The R (R Core Team 2015) package parsec provides tools for multidimensional evaluation with ordinal variables. In particular its functions allow the application of the poset-based approach (Fattore et al. 2011a,b2012) and of the counting approach (Alkire and Foster 2011a,b). The package is available on CRAN (the Comprehensive R Archive Network).

Recently, Fattore published an article where he describes in detail the poset-based approach and specifies how to include external information on attribute relevance (Fattore 2015). Therefore parsec has been upgraded by introducing functions to generate more elaborated posets so that they represent such external informations.

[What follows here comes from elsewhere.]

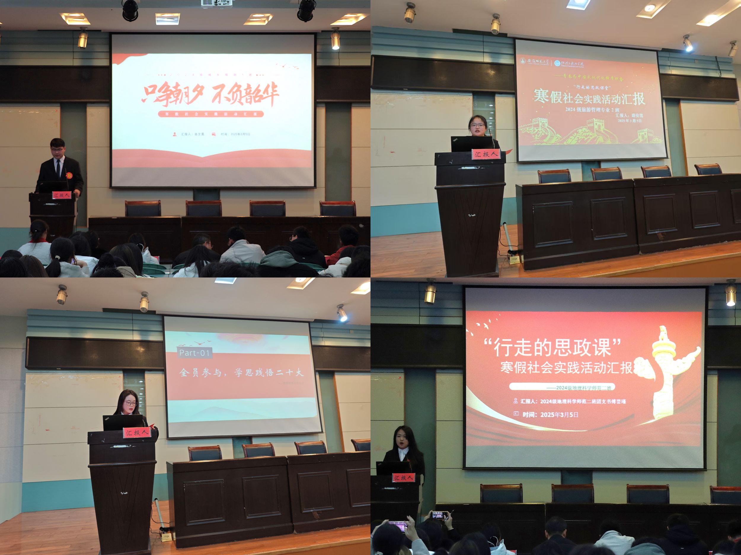 各个班级团支书分别从参与情况、实践过程、优秀成果展示和反思总结等方面汇报了各自班级寒假社会活动的实施成效。其中,23级地理信息科学1班构建“全周期实践守护机制”,建设六大课程矩阵,通过三重护航流程保障全体同学高质量完成实践,高效完成社会实践活动。23级旅游管理2班的同学深度融合专业特色与社会实践,在博物馆中进行讲解服务工作,既提升了个人技能,又为文化传播贡献了一份力量。各班级以图文并茂的PPT呈现寒假实践成果,通过案例分享生动还原志愿服务、职场体验等场景,在总结实践收获的同时,深刻反思不足之处并提出改进方向,充分彰显了知行合一的育人实效。
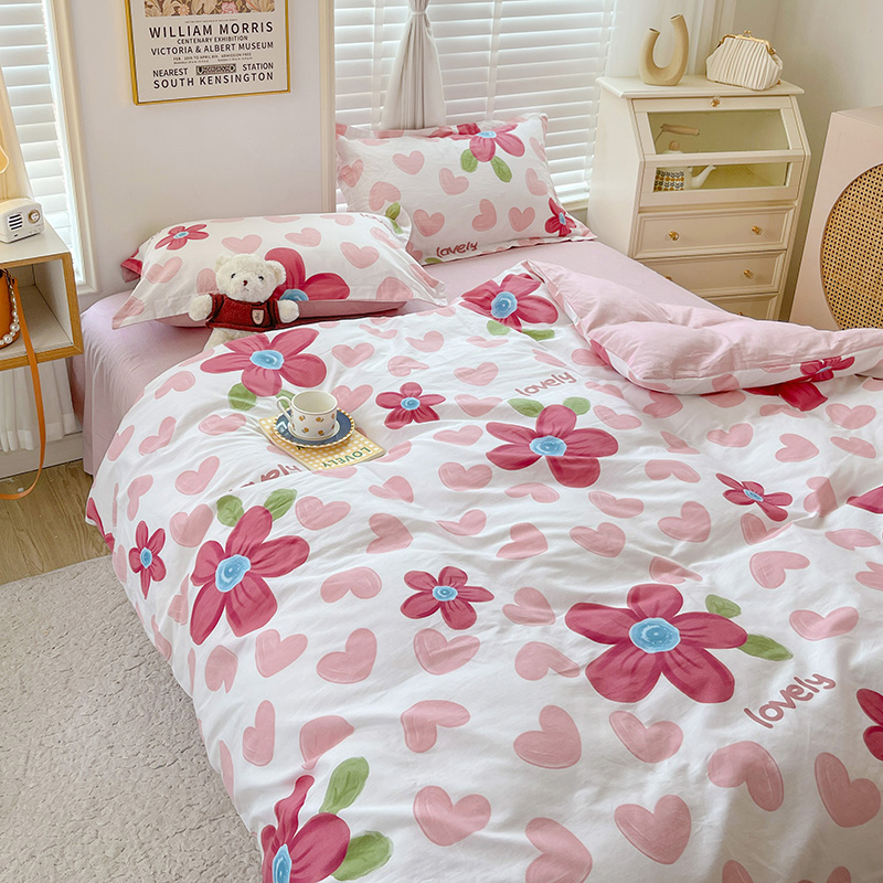 100%全棉四件套纯棉斜纹t套件单人被套学生三件套双人1.5m1.8米床

The basic functions of the package are described in a chapter of the book “Multi-indicator Systems and Modelling in Partial Order” (Fattore and Arcagni 2014) therefore this work focuses on the new functionalities. In this work it is assumed that the reader has a basic knowledge of the methodology, of the R language and of the object oriented programming. The work is divided into two parts.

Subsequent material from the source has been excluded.